The U.S. Senate passed its version of a bill to overhaul the U.S. tax code on Dec. 2, 2017, and is now working with the House of Representatives to reconcile its bill with the House's version, passed in November. The goal of Congress is to send a bill to President Donald Trump by Christmas.
The bills both contain provisions that would adversely impact the renewable energy industry, and wind in particular, in several ways. The House bill has more direct impacts, reducing tax credit amounts, but the indirect results of the Senate bill could have more dramatic effect on the renewables industry. The competitive impact on renewables in comparison with fossil fuel generation may be magnified, as the oil, gas and pipeline industries will benefit from reduced tax rates at several levels without any cut in their current tax credits.
The House bill reduces the value of the production tax credit (PTC) by eliminating the inflation adjustment for new wind property.
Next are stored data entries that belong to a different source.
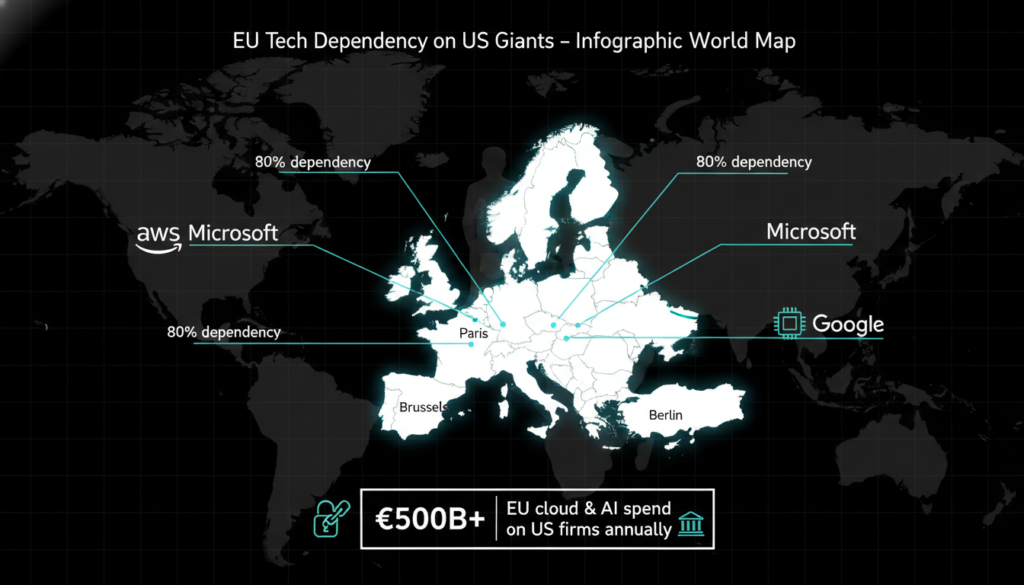 • Historical Roots: Patriot Act and Snowden leaks exposed surveillance risks; now €500B yearly EU spend on US clouds fuels urgency.
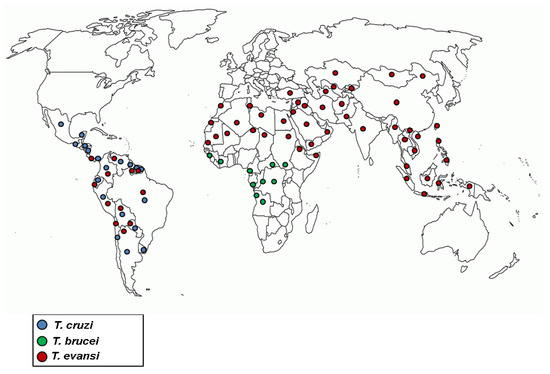 Trypanosomiases are insect-borne parasitic diseases of humans and animals caused by flagellate protozoans of the genus Trypanosoma. Occurring mainly in Latin America and Africa, where they are considered endemic, and they are of great importance to human health [1,2]. According to Britannica Academic [3], the life cycle of trypanosomes includes one stage in the blood or tissue of a vertebrate host and another stage in an invertebrate vector. Furthermore, approximately 20 Trypanosoma species are known, but only two species cause disease in humans, Trypanosoma cruzi and Trypanosoma brucei. T. cruzi is the cause of American trypanosomiasis, also called Chagas disease, which is prevalent throughout the Americas. It is spread by Triatominae insects, commonly called “kissing bugs”. In the bloodstream, the parasite multiplies and can reach the heart, liver and spleen, where it can cause extensive damage. T. brucei is responsible for African trypanosomiasis or sleeping sickness, most commonly found in equatorial Africa. Human African trypanosomiasis takes two forms depending on the parasite involved, which are both transmitted by tsetse flies (Glossina spp.). Sleeping sickness in eastern and southern sub-Saharan Africa is an acute form caused by the subspecies T. brucei rhodesiense. Trypanosomiasis in the central and western regions of Africa is a slow-progressing form caused by T. brucei gambiense. Both trypanosomes invade the brain, causing mental deterioration, coma and death if left untreated [4,5]. There is also Surra, which is a trypanosomiasis caused by T. evansi, that affects wild and domestic animals mainly in Africa, Asia and South America, causing serious economic losses due to mortality and morbidity [6]. However, despite being a disease that predominantly affects animals, cases of surra have been reported in humans in the Asian region, where the main symptoms observed were fever and drowsiness, without invasion of the parasite in the central nervous system [7]. Figure 1 illustrates the worldwide distribution of the main species causing human trypanosomiasis.
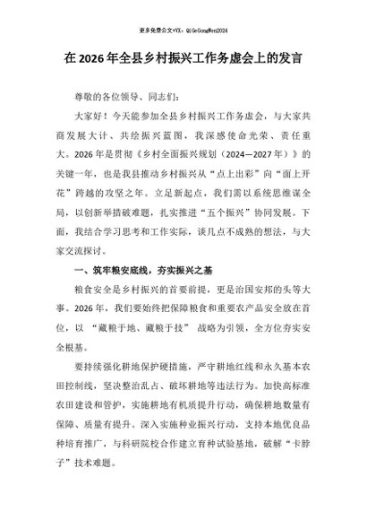 【七哥公文】2025年:在2026年全县乡村振兴工作务虚会上的发言_副本+更多免费公文+VX:QiGeGongWen2024
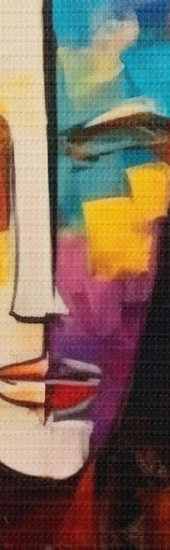 Das feine Fadengeflecht auf dieser Leinwand ähnelt der Oberfläche von professionellen Künstlerleinwänden.
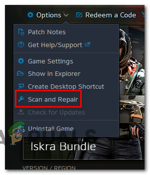 Fortunately, Blizzard provides a built-in tool that’s capable of resolving the vast majority of corrupted game files automatically. It’s built straight into the Blizzard Battle.net app and some users have confirmed that it allowed them to fix the Error #134 (0x85100086).
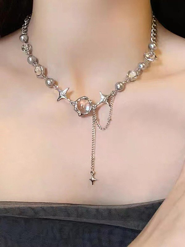 Rhinestone Star Beads Chain Necklace
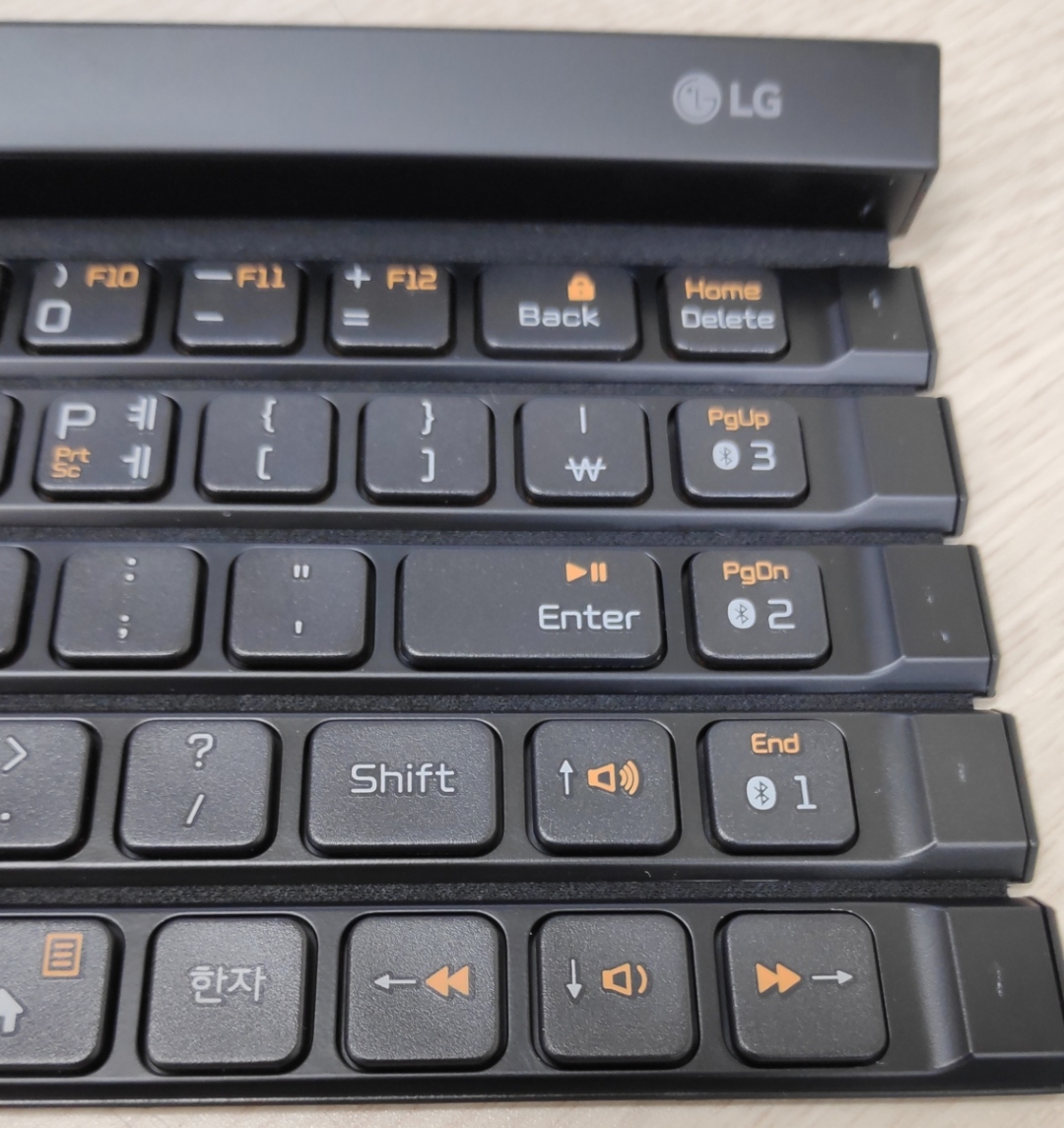 [장점] * 휴대 편리, * 블루투스라 연결 용이, * 말아두면 전원 꺼짐(절전 효과), * 핸드폰 거치대 완벽(두꺼우면 안됨...), * 일반 키보드 기능 대부분 다 됨(PrtSc도 있음) 등등

Currently 2.4 cents per kilowatt hour of electricity produced, the credit would be reduced to 1.5 cents per kilowatt hour by the House bill. The bill would also reduce the value of the PTC and the investment tax credit (ITC) by eliminating an IRS safe harbor regarding a project's continuity of construction. To qualify for a credit, a project would need to be in continuous construction from start to completion. The Joint Committee estimates that the House bill would reduce renewable energy incentives by $12.3 billion during the next 10 years.
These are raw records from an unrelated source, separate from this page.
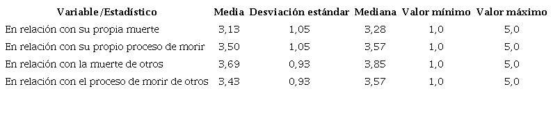 Methodology: This was a transversal analytic study to apply the Collett-Lester Fear of Death Scale on 143 people: 25,2 % were general pediatricians and subspecialists, 70,6 % were professional nurses and medical assistants, and 4,2 % were respiratory therapists. The analysis included descriptive statistics, Chi2 test, Mann-Whitney U test, Fisher, StudentsT, ANOVA and Cronbach's Alpha.
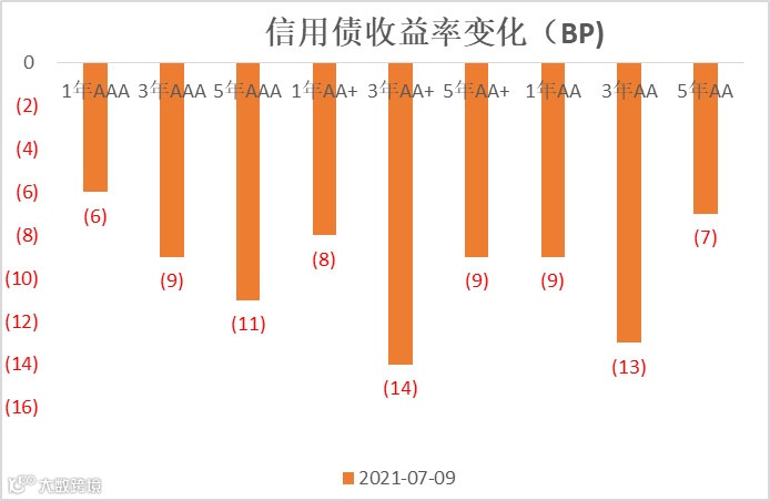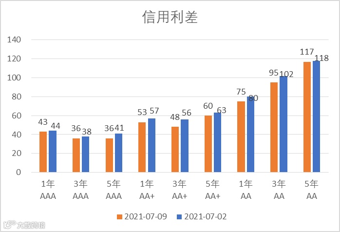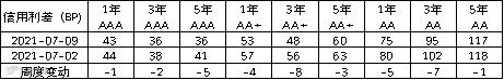 信用利差方面,各等级信用利差有所收窄,其中 3 年期 AA+和 AA 等级信用利差收窄 7~8bp。
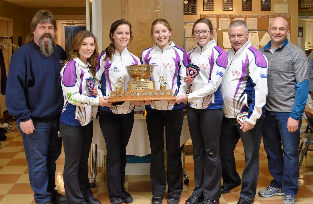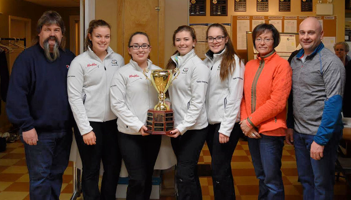 Following today’s final games at the Pepsi Provincial Junior Curling Championships at the Montague Curling Club, it was time to present the trophies to the winners and runners-up, as well as the certificates to the winners of the Asham Coaching Awards, as voted on by all the coaches, and the Sportsmanship awards, as voted on by the players.
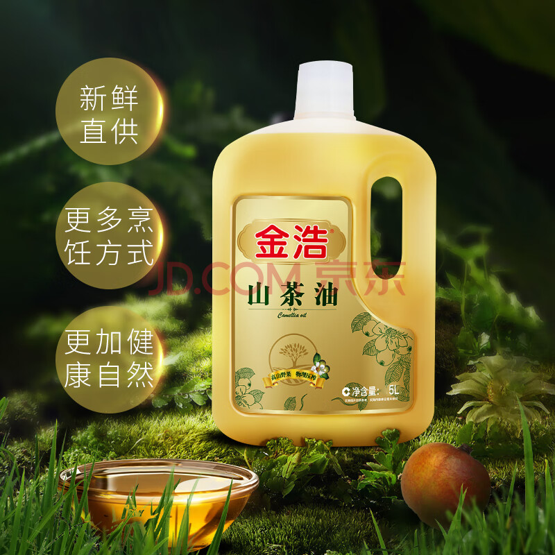 商品相册:金浩(JINHAO)【保真山茶油】高端零反一级食用油 物理压榨山茶油茶籽油5L第

The Senate bill does not directly alter the PTC or ITC. However, it contains a base erosion and anti-abuse tax (BEAT), which would impose a tax on multinational companies that make related-party, cross-border payments. The tax would apply if a company used such payments to reduce its U.S. tax liability to less than 10 percent of its U.S. income (including the cross-border payments). Neither the PTC or ITC could be used to offset BEAT liability, reducing the value of the credits to investors in renewable energy projects.